Ambientes mapeados na pipeline:

  • piloto-dhedalos-ecosystem
  • dhedalos-ecosystem
  • essencia-ecosystem
  • dev-dhedalos-wp

Evidencias:

  • .github/workflows/ci-cd-pipeline.yml:56
  • .github/workflows/ci-cd-pipeline.yml:88
  • .github/workflows/ci-cd-pipeline.yml:120
  • .github/workflows/ci-cd-pipeline.yml:152

Comandos base:

kubectl -n <namespace> get deploy
kubectl -n <namespace> logs deploy/<deployment-name> -c dhedalos-app-backend-wp-phpfpm --tail=200 -f
kubectl -n <namespace> logs deploy/<deployment-name> -c dhedalos-app-backend-wp-nginx --tail=200 -f
kubectl -n <namespace> logs deploy/<deployment-name>-wp-cron -c wp-cron --tail=200 -f

Evidencia dos containers:

  • helm/templates/deployment.yaml:49
  • helm/templates/deployment.yaml:85
  • helm/templates/wp-cron-deployment.yaml:54

4.3 API de auditoria interna

Endpoints:

  • GET /api/dhedalos/v1/system-logs
  • GET /api/dhedalos/v1/system-logs/stats

Evidencias:

  • we-dhedalos/functions/rest/system_logs.php:33
  • we-dhedalos/functions/rest/system_logs.php:45

4.4 Logs da pipeline

Para falhas de build/deploy, consultar logs do GitHub Actions no workflow CI/CD Pipeline.

Evidencia:

  • .github/workflows/ci-cd-pipeline.yml:1

5) Consultas de apoio (operacao)

Nota:

  • substitua <prefix> pelo prefixo real das tabelas (WORDPRESS_TABLE_PREFIX, padrao local wp_).

5.1 Conferir retencao e volume de tabelas de log

docker compose exec wordpress wp db query "SELECT COUNT(*) AS total FROM <prefix>user_patch_log;"
docker compose exec wordpress wp db query "SELECT COUNT(*) AS total FROM <prefix>simplybook_api_requests_log;"
docker compose exec wordpress wp db query "SELECT COUNT(*) AS total FROM <prefix>user_logs;"

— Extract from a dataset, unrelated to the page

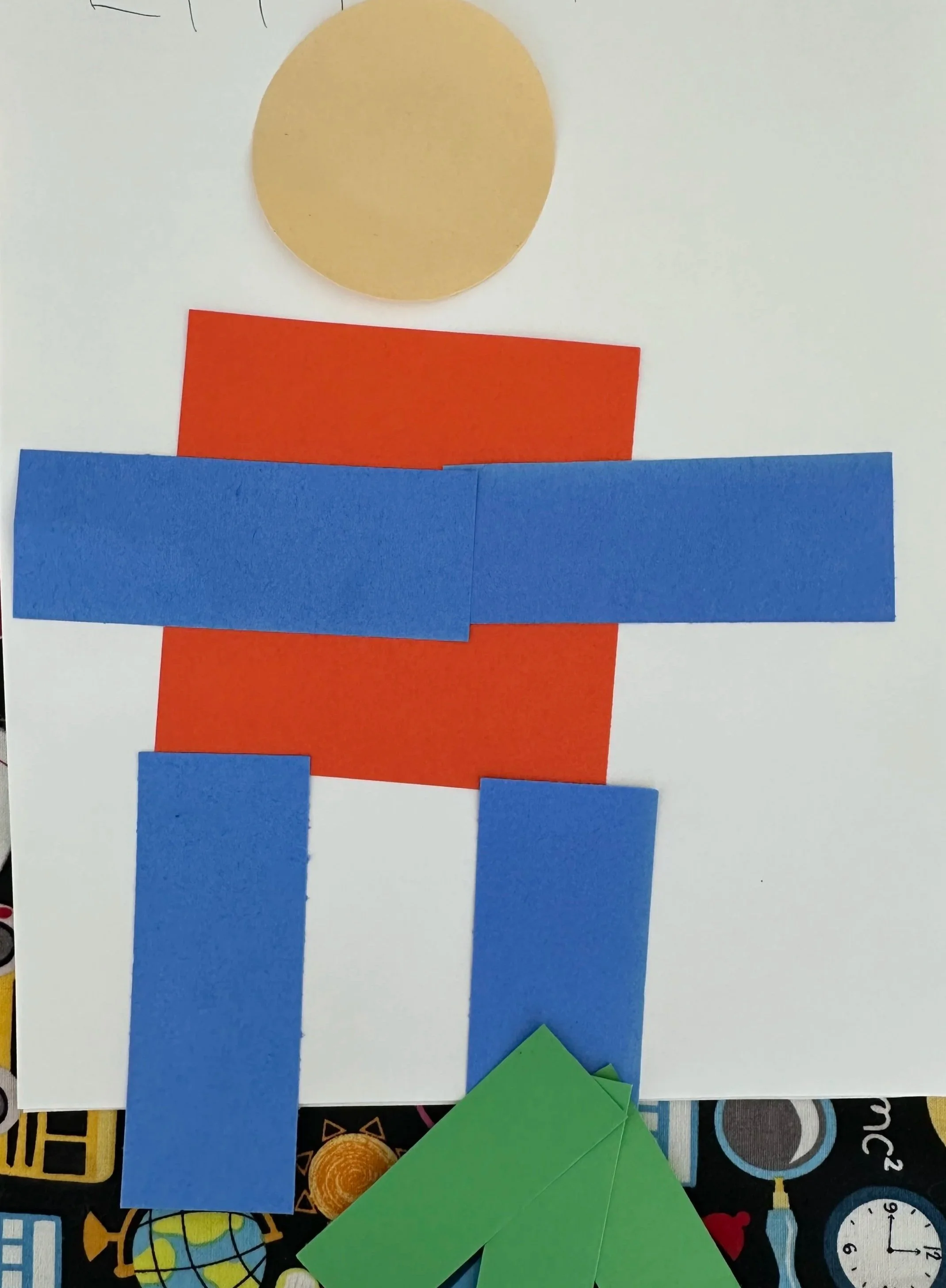We focus on art that helps them develop their fine motor skills as well as emphasizing the math concepts and thematic units that we explore every two weeks. A good example of this are the shape scarecrows they made for our Autumn unit. They had a variety of shapes to use to create what their version of a scarecrow would be. This helped to review our math unit on shapes as well as develop the concept of a scarecrow and how farms use them.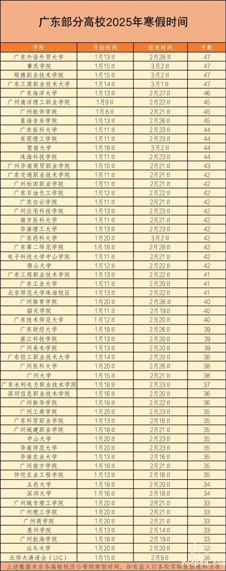 记者梳理广东56所高校公布的校历后发现,大部分学校均在1月中旬放寒假,2月下旬开学,放假时间最长的有47天,最短26天。

5.2 Conferir ultimos eventos SimplyBook

docker compose exec wordpress wp db query "SELECT endpoint,http_method,origin,timestamp FROM <prefix>simplybook_api_requests_log ORDER BY id DESC LIMIT 20;"

5.3 Conferir cron backlog

docker compose exec wordpress wp cron event list

6) Retencao de logs observada

FontePolitica observada
dynamic_logsremove entradas anteriores ao ano corrente
user_log_actionremove acima de 90 dias
sub_log_actionremove acima de 90 dias
cancellation_logsremove acima de 90 dias
simplybook_api_requests_logexiste delete_old_logs() para 1 semana, sem agendamento identificado no repo

Evidencias:

  • we-dhedalos/functions/post_types/dynamic_logs.php:1016
  • we-dhedalos/functions/post_types/user_action_log.php:105
  • we-dhedalos/functions/post_types/presence_log.php:133
  • we-dhedalos/functions/post_types/cancellation_logs.php:117
  • we-dhedalos/functions/3rd/log.php:105

7) Pendencias

  • Nao foi identificado backend externo de observabilidade explicitamente versionado (ex.: CloudWatch, ELK, Datadog, Dokku log drain) nem documentacao de consulta nesses provedores.
  • Nao ha padrao implementado de correlacao request-id/trace-id entre Nginx, WordPress e integracoes externas.
  • Nao ha endpoint dedicado de healthcheck de aplicacao (/health), apenas probes HTTP em / no chart.
  • A rotina de limpeza de simplybook_api_requests_log existe em codigo, mas nao foi encontrado hook/evento versionado que a execute automaticamente.